Latin American equity markets rose in U.S. dollar terms, outperforming both developed and broader emerging markets. A number of countries in the region are major exporters of natural resources, and continued strength in commodity prices was a favorable trend, with the oil price breaching $50 for the first time in several months. The prices of industrial metals strengthened, as did gold, which saw a particularly sharp move at the end of the quarter on safe-haven buying following the surprise Brexit vote. While this hit investor sentiment initially, Latin American markets generally shrugged off the Brexit concerns and ended the period on a strong note.
The Latin America Fund returned 9.54% in the quarter compared with 5.42% for the MSCI Emerging Markets Latin America Index and 8.72% for the Lipper Latin American Funds Average. For the 12 months ended June 30, 2016, the fund returned 0.51% versus −7.28% for the MSCI Emerging Markets Latin America Index and −4.29% for the Lipper Latin American Funds Average. The fund's average annual total returns were 0.51%, −9.47%, and 2.28% for the 1-, 5-, and 10-year periods, respectively, as of June 30, 2016. The fund's expense ratio was 1.37% as of its fiscal year ended October 31, 2015.
For up-to-date standardized total returns, including the most recent month-end performance, please click on the Performance tab, above.
Current performance may be lower or higher than the quoted past performance, which cannot guarantee future results.
Share price, principal value, and return will vary and you may have a gain or loss when you sell your shares.
The Latin America Fund charges a 2%
redemption fee on shares held 90 days or less.
The performance information shown does not reflect the deduction of the redemption fee;
if it did, the performance would be lower.
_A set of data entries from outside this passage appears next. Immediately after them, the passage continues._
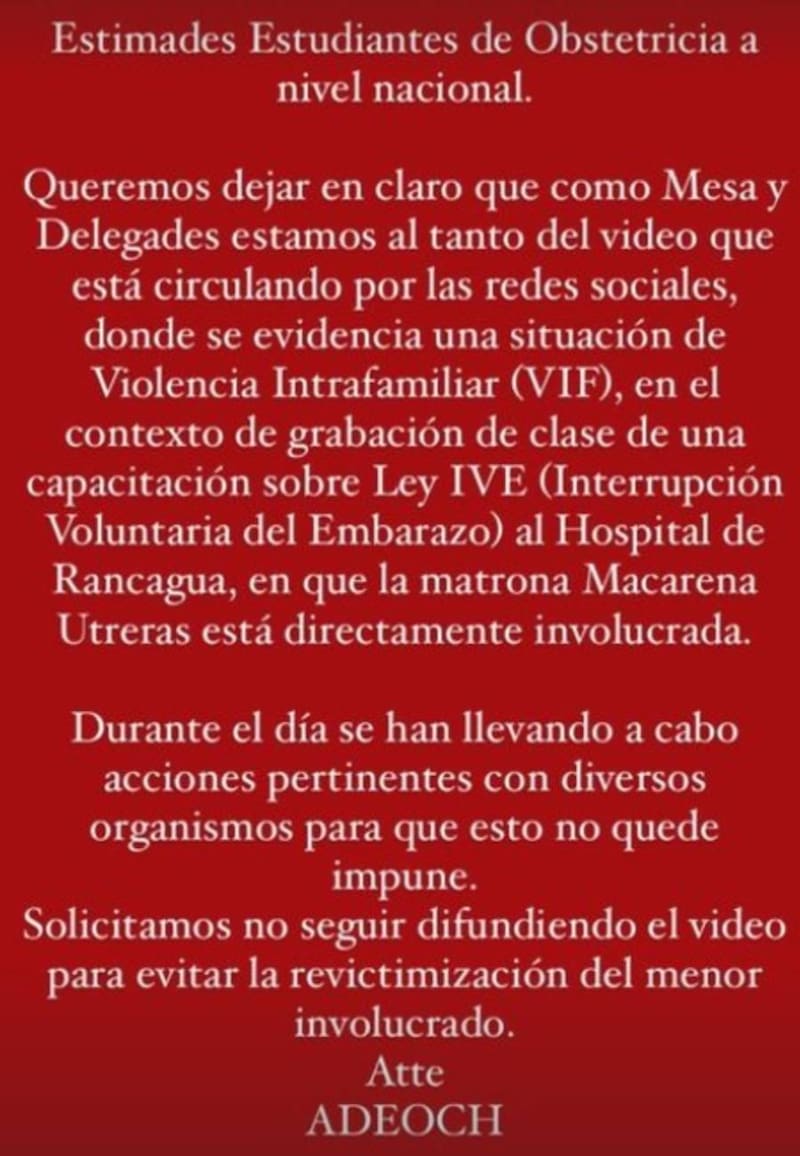 Mientras que el Colegio de Matronas y Matrones de Chile indicó en redes sociales que "ya canalizamos la denuncia por donde corresponde", la Asociación de Estudiantes de Obstetricia de Chile emitió una declaración y entregaron detalles sobre lo sucedido.
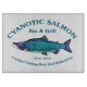 En blåtonad Sockeye Salmon med texten "Cyanotic Salmon Pub & Grill Kenai, Alaska" och "Combat Fishing Rest and Relaxation". Laxfisket är mycket populärt, alltför populärt i Alaska. Föreställ er hundra sportfiskare, ungefär skuldra till skuldra, som i båda banker i en ström försöker undvika att korsa linjer med alla andra i hopp om att landa en stor lax. Det är stridsfiske. Efter en dag tar du lite R&R på den mytiska cyanotiska laxen i Kenai. Fiskeberättelser där..Ja.
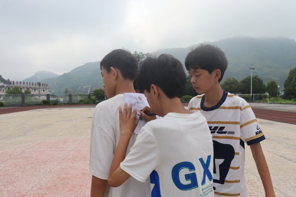此次定向越野活動共設6個打卡點,24名同學分為6個組,每組4人。以校門口為起點,操場為終點,各組可自由規劃路線。完成打卡任務后可在對應點位獲得貼紙,率先集齊6枚貼紙的三組隊伍獲得獎勵。實踐團成員在活動前為學生講解闖關規則,并引導大家合理分工、高效協作。
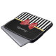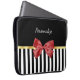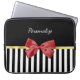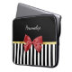 上品な赤い弓の黒と白ストライプの名前 ラップトップスリーブ
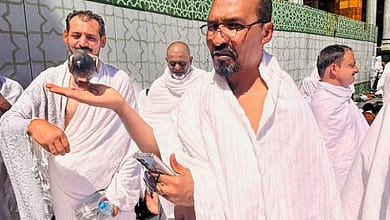 *حمامة تستقر مطمئنة فوق رأس معتمر سوداني أثناء صلاة الجمعة بالحرم المكي*
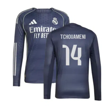 2025-2026 Real Madrid Long Sleeve Away Shirt (Tchouameni 14)
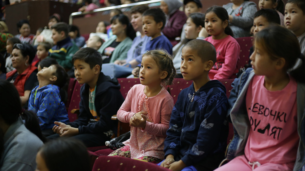 В государственном национальном русском театре драмы имени Чингиза Айтматова ребят поздравили с наступающим Международным днем защиты детей.
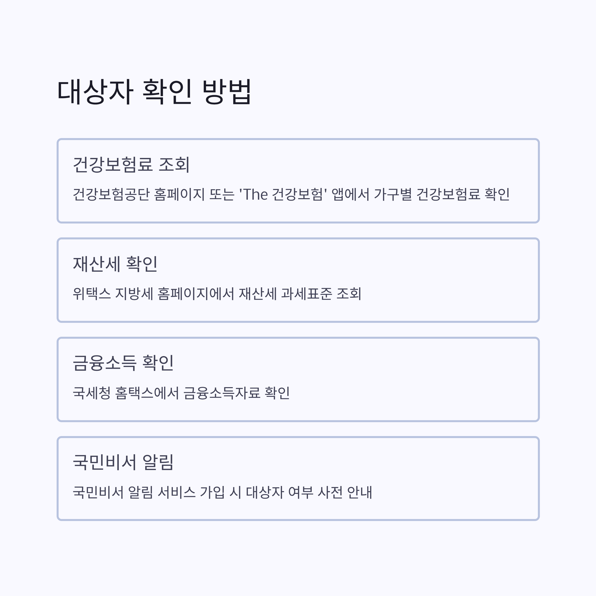 - 고액 자산가(재산 12억 초과, 금융소득 2,000만 초과) 사전 제외
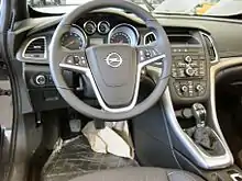 The Opel Cascada is a front-engine, front-wheel drive, two-door, four-passenger subcompact fabric-roof convertible,[4] manufactured and marketed by Opel across a single generation for model years 2013-2019,[5] prioritizing year-round touring comfort over sportiness.
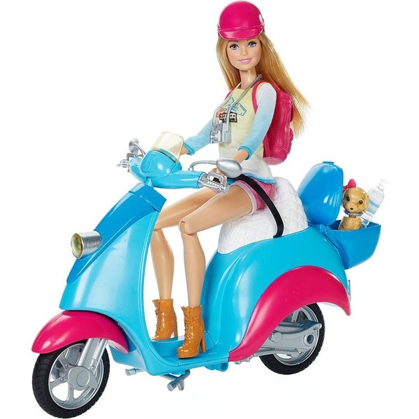 Niebiesko-różowy skuter dla Barbie to prawdziwa zabawa. Koła w pojeździe się kręcą! Do siodełek przyczepiony jest pasek, które sprawi że lalka siedzi na skuterze i nie będzie spadać w trakcie jazdy. Z tyłu zamontowany jest koszyczek, w którym Barbie może przewozić swojego szczeniaczka.
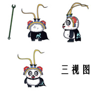 元素灵感来源:头饰,类似于古代传统文化戏曲的发冠;其主体为熊猫,熊猫百变而不厌,易于大众接受;扳手,及头饰齿轮,螺帽耳朵来源于应用于技能,及我们学校校徽的图案灵感。
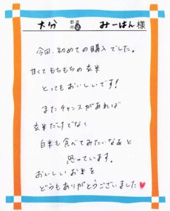 いつもお美味しい玄米をお送り下さりありがとうございます。
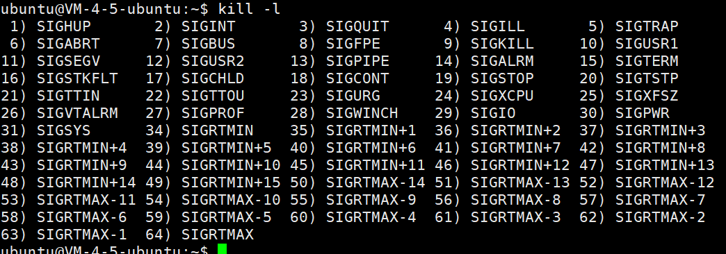 在操作系统中同样有着一套信号系统,操作系统的信号针对的对象是进程,进程在运行的时候除了执行自己的代码,还得要有能够识别信号和处理信号的能力。这些能力其实本质上是设计操作系统的程序员规定的,是一套约定好的信号标准,不同的信号代表不同的含义,针对不同的信号进程也有不同的处理方式。比如我们在Linux操作系统下输入指令kill -l就可以查看操作系统中的信号。
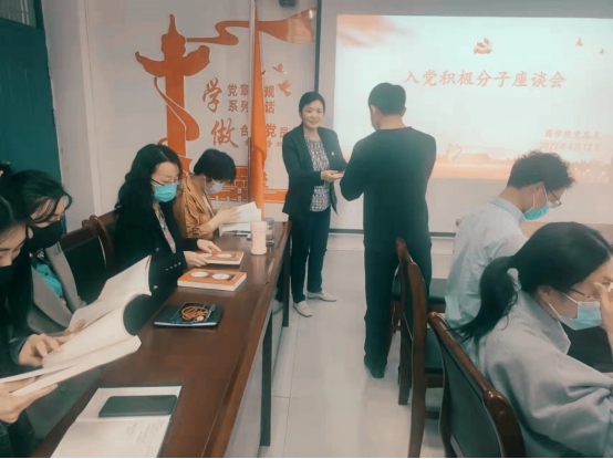 座谈会上,刘书记、吴院长为入党积极分子发放红色读本,勉励入党积极分子多读书、读好书,从红色书籍中汲取精神养分。
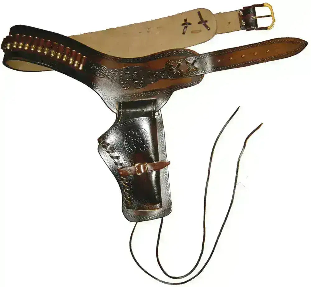 MEGJEGYZÉS: Ez bőr, minden övnek megvan a maga egyedi érintése, és a képek kissé eltérhetnek. A revolver és a patron nem tartozék!
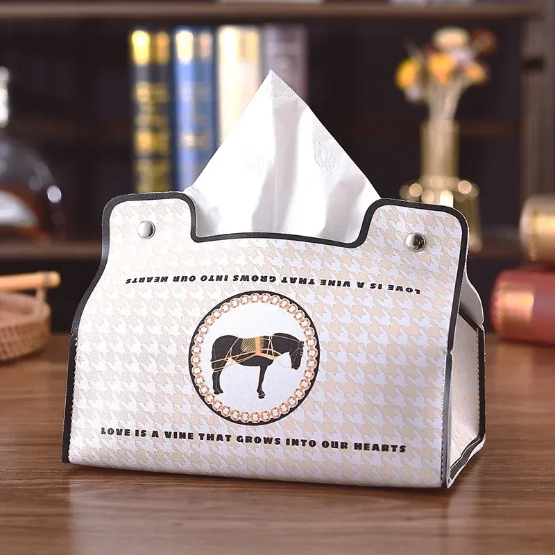 PU Leather Tissue Box European Retro Style Waterproof Napkin Holder Bathroom Car Living Room Coffee Table Universal Storage Box
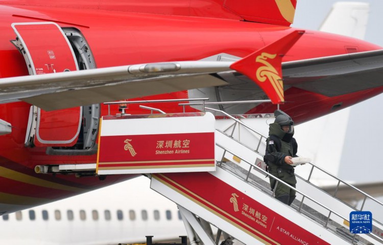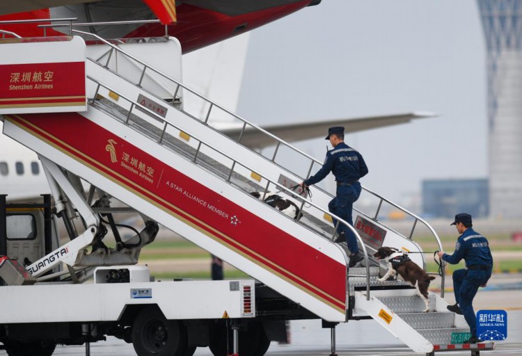 4月23日,在深圳机场举行的演练中,警方对航空器进行模拟搜排爆工作。 当日,“守护2023”深圳宝安国际机场应急救援综合演练在深圳举行。此次演练内容按照民航局印发的《民航跨部门联合实战化应急演练工作指南》进行设置,包括航空安保威胁信息接收与处置、空中疑似爆炸物处置与地面救援力量快速响应、响应升级与应急救援指挥体系搭建、跨部门联合响应、海上应急集结、外部力量增援、航空器搜排爆与疑似爆炸物处置、事件调查、航空器搬移等18个课目,有13家单位共300余人参与演练。 新华社记者 毛思倩 摄
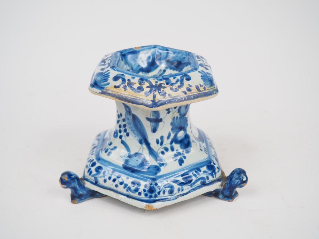 Grand saleron XVIIème en faïence, à décor en camaïeu bleu d’oiseaux et de lapin. H. 11 cm (accidents et restaurations)
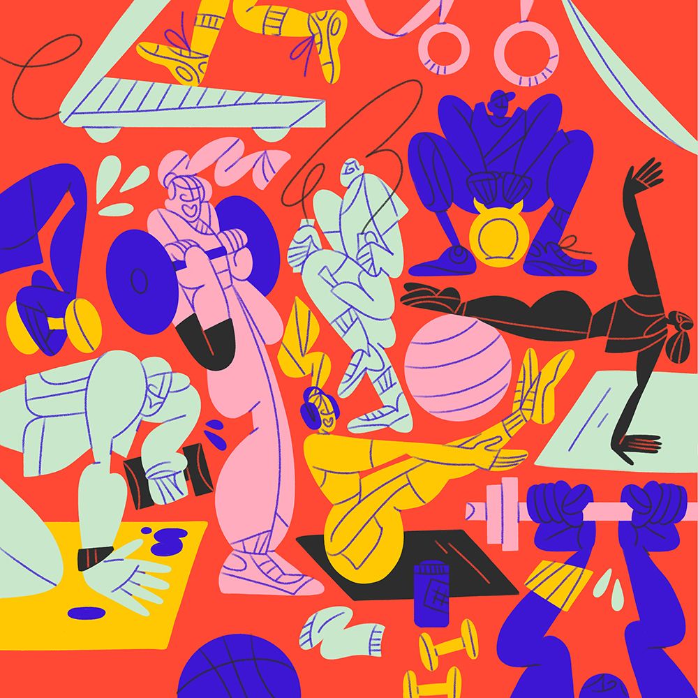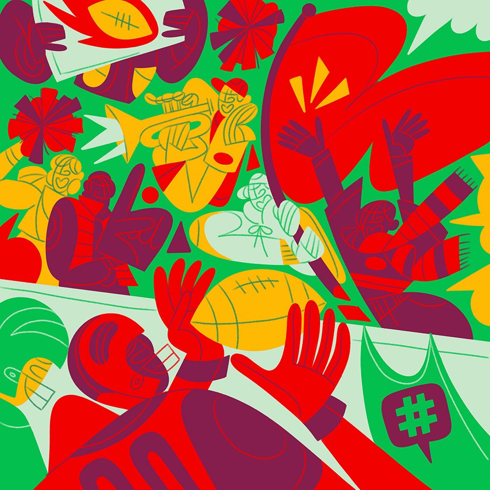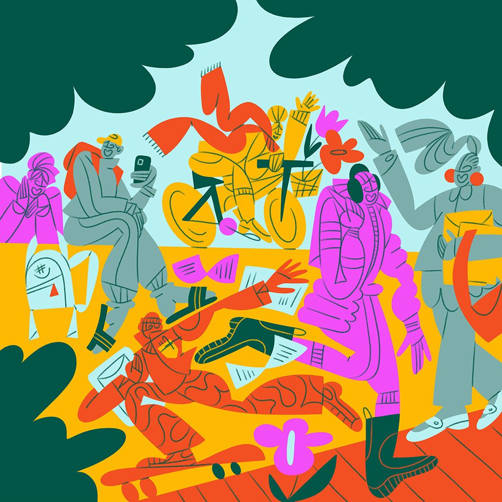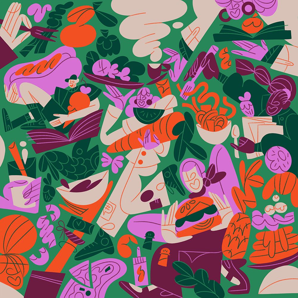 Focusing on the concept of shared experiences and community, Meredith’s designs are bold and expressive with an emphasis on bringing groups together, her signature dynamic characters are depicted in various social situations that can be used across the app from parties to brunches and sporting events.

Our investment process relies on our bottom-up assessment of an individual company's prospects rather than on an attempt to exploit broad shifts between markets and sectors based on political or economic developments. With that in mind, we raised the portfolio's exposure to Brazil over the quarter while deepening our underweight to Mexico, which appears less attractive from a top-down perspective while valuations are on the high side. At the sector level, we increased our overweight to financials, where we are finding good investment potential among real estate and banking stocks. We favor high-quality names in the consumer discretionary and consumer staples sectors and remain underweight to materials and energy because of our caution over the sustainability of the commodity rally.
We believe that the medium-term outlook for Latin America remains attractive as investors have significantly discounted any improvement, and the long-term promise of the region for investors remains intact. Growing middle classes and political reform are creating opportunities for competent management teams that are nimble enough to seize them. We continue to devote substantial effort to meeting with and assessing company managers through regular travel to the region, with trips this quarter including Peru, Mexico, and Argentina. We are confident that such meetings and careful fundamental analysis will allow us to identify companies with high returns and sustainable above-market earnings growth rates.